[[ Exercise data open ]]

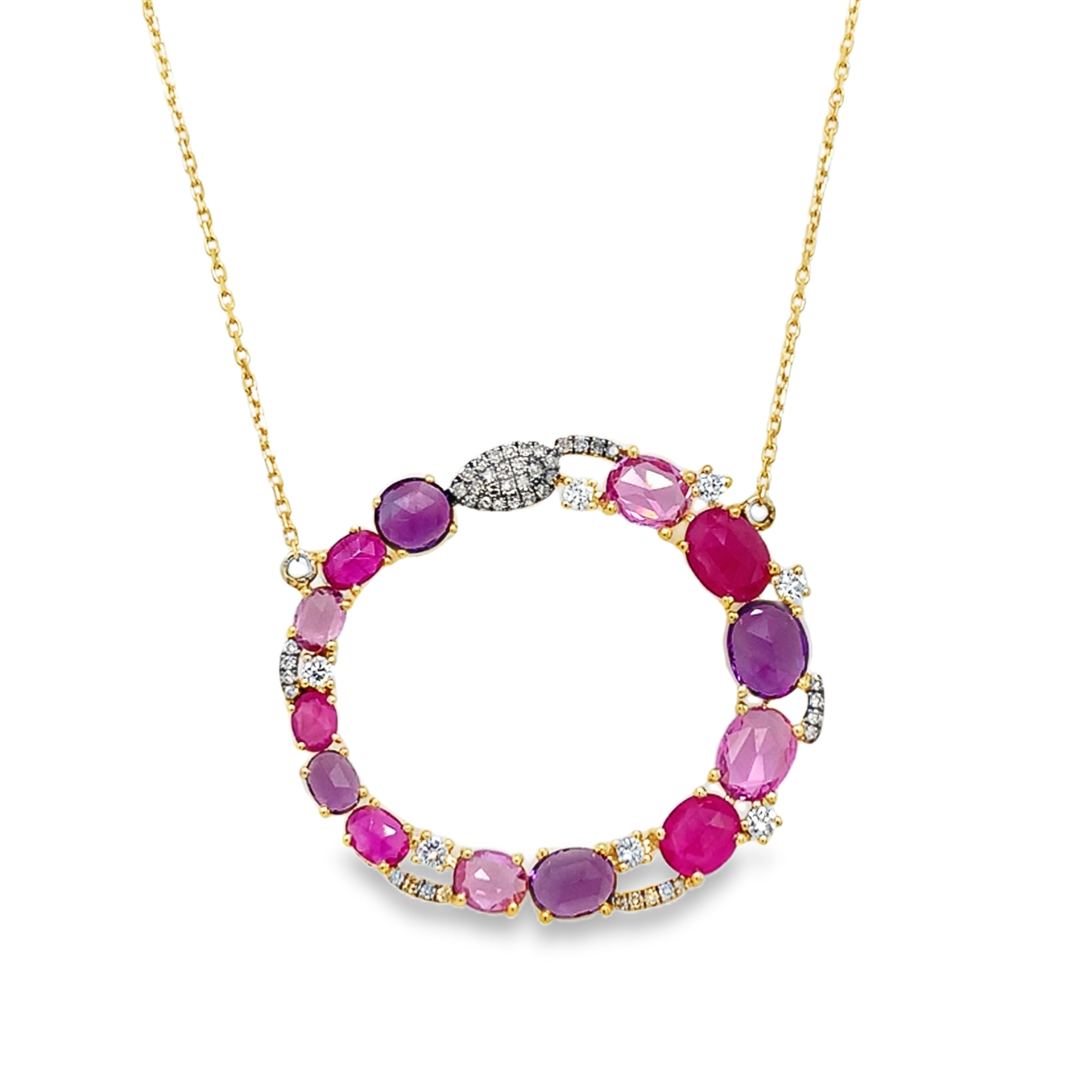 Elevate your elegance with our 14KY Colored Stone and Diamond Necklace, a masterpiece of vibrant luxury. This exquisite necklace features a stunning circle pendant adorned with a captivating array of colored stones, including rich purples and vivid pinks, each meticulously set in 14-karat yellow gold. Accentuated by sparkling diamonds, this piece radiates brilliance and sophistication. Perfect for special occasions or adding a touch of glamour to your everyday attire, this necklace is a versatile addition to any jewelry collection. Its delicate gold chain complements the pendant's vivid hues, ensuring it stands out beautifully against any ensemble. Indulge in timeless elegance and make a statement with every wear.
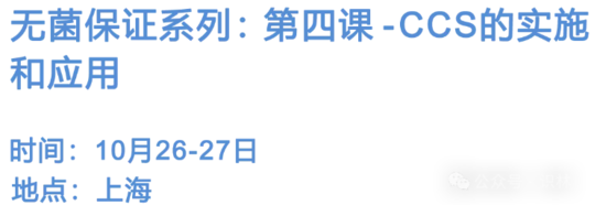 第三课:已于今年7月开课。介绍和探讨污染控制策略 (CCS) 在无菌生产领域的实施和应用:清洁工艺和验证;灭菌工艺和验证;及除菌过滤工艺和验证。
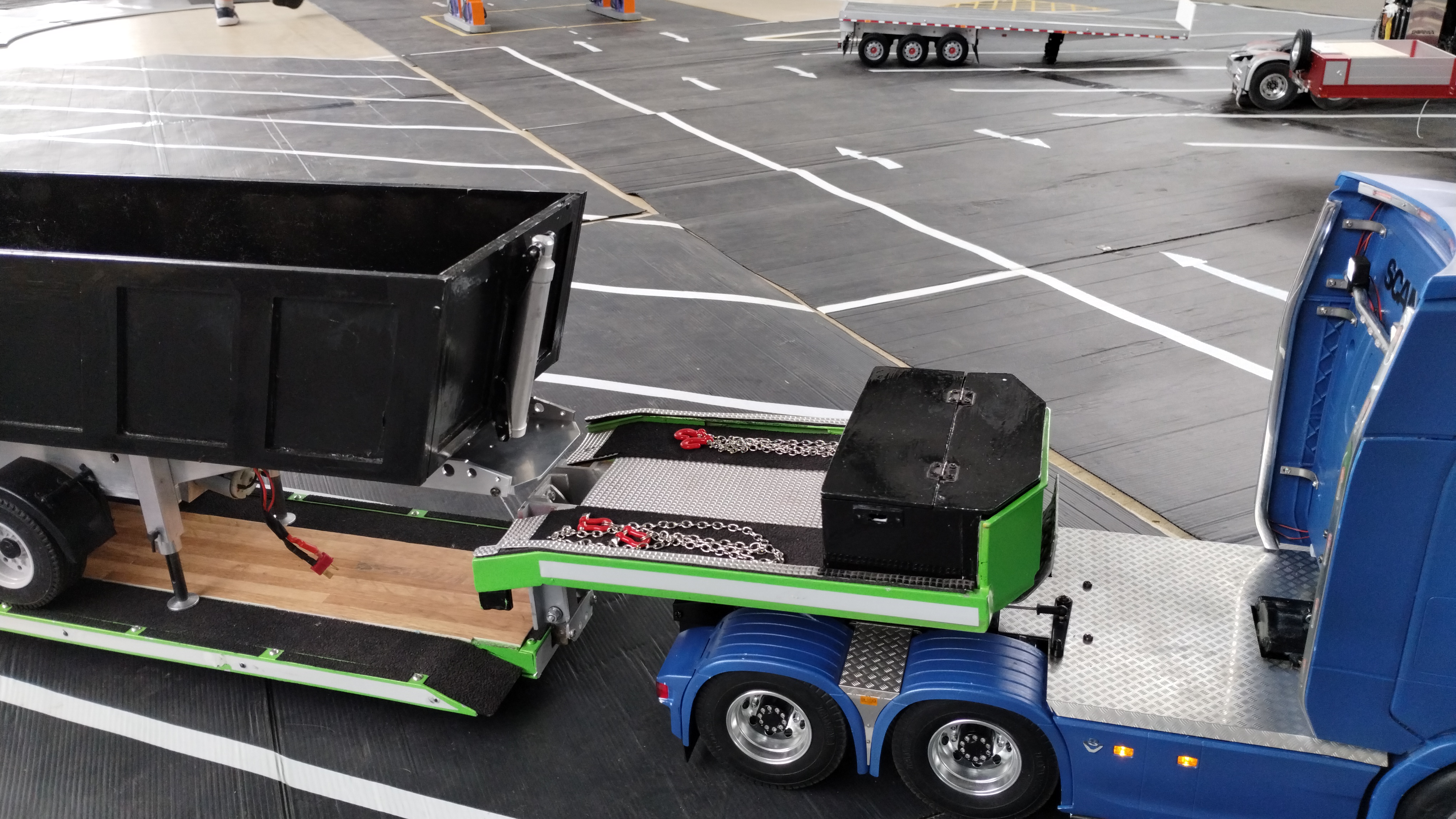 The truck sports a basic GT container light kit ( with bluetooth connectivity for the trailer). A hobbywing 1060 ESC provides the motor control. No sound unit though.
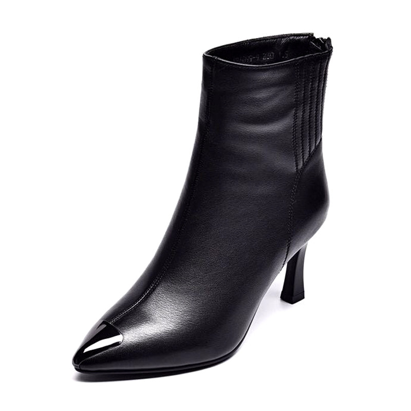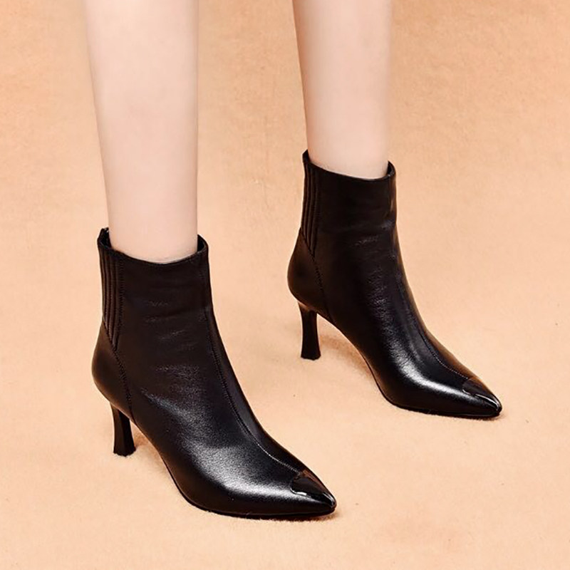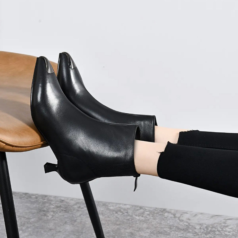 断码清仓2025款秋冬细跟真皮短靴尖头高跟鞋女小跟马丁靴春季单靴

[[ Exercise data closed ]]

▶ **Required action**
Restate the listing word for word. Pictures do not belong in the copy.

▶ **Solved problem**
 Elevate your elegance with our 14KY Colored Stone and Diamond Necklace, a masterpiece of vibrant luxury. This exquisite necklace features a stunning circle pendant adorned with a captivating array of colored stones, including rich purples and vivid pinks, each meticulously set in 14-karat yellow gold. Accentuated by sparkling diamonds, this piece radiates brilliance and sophistication. Perfect for special occasions or adding a touch of glamour to your everyday attire, this necklace is a versatile addition to any jewelry collection. Its delicate gold chain complements the pendant's vivid hues, ensuring it stands out beautifully against any ensemble. Indulge in timeless elegance and make a statement with every wear.
 第三课:已于今年7月开课。介绍和探讨污染控制策略 (CCS) 在无菌生产领域的实施和应用:清洁工艺和验证;灭菌工艺和验证;及除菌过滤工艺和验证。
 The truck sports a basic GT container light kit ( with bluetooth connectivity for the trailer). A hobbywing 1060 ESC provides the motor control. No sound unit though.
 断码清仓2025款秋冬细跟真皮短靴尖头高跟鞋女小跟马丁靴春季单靴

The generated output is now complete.